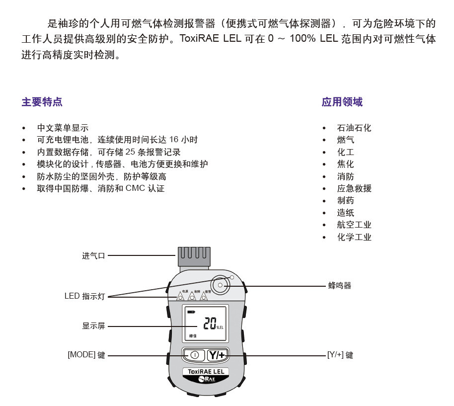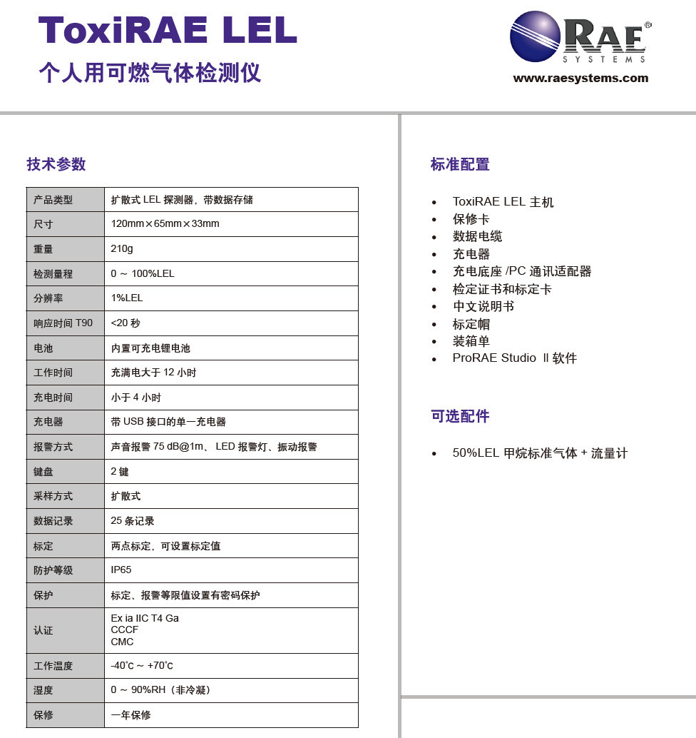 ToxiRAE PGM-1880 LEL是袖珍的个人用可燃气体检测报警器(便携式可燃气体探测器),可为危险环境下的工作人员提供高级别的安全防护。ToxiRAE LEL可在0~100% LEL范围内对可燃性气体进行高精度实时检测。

--

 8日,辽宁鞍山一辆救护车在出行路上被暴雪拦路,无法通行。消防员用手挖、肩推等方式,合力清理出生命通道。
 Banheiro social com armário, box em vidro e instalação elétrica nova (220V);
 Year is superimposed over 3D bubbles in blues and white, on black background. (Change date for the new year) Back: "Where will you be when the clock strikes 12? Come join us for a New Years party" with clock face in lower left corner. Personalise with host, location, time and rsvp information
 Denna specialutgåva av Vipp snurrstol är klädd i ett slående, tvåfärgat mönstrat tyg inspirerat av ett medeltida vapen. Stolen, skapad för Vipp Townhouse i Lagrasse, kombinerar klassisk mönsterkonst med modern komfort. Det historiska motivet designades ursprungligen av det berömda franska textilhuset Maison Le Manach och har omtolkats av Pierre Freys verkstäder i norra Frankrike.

* * *

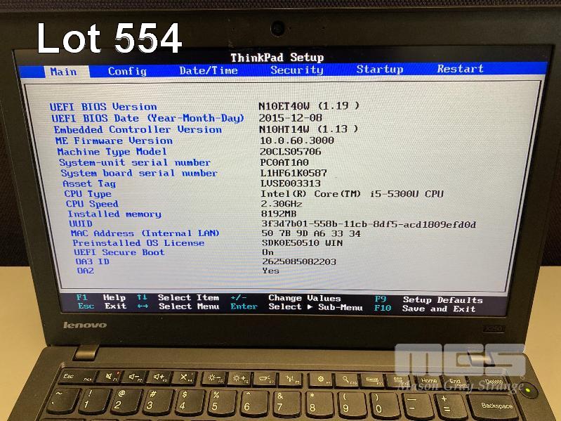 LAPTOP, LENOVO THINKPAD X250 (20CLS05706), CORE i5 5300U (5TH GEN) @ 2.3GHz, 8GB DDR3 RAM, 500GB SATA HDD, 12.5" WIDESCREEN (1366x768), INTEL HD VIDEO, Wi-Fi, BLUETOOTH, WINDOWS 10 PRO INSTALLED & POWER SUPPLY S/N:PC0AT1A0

To do ->
Beginning with the line containing "Year is superimposed" and ending with the line containing "Denna specialutgåva av", extract those lines exactly from the listing above, and only those.

Expected answer ->
 Year is superimposed over 3D bubbles in blues and white, on black background. (Change date for the new year) Back: "Where will you be when the clock strikes 12? Come join us for a New Years party" with clock face in lower left corner. Personalise with host, location, time and rsvp information
 Denna specialutgåva av Vipp snurrstol är klädd i ett slående, tvåfärgat mönstrat tyg inspirerat av ett medeltida vapen. Stolen, skapad för Vipp Townhouse i Lagrasse, kombinerar klassisk mönsterkonst med modern komfort. Det historiska motivet designades ursprungligen av det berömda franska textilhuset Maison Le Manach och har omtolkats av Pierre Freys verkstäder i norra Frankrike.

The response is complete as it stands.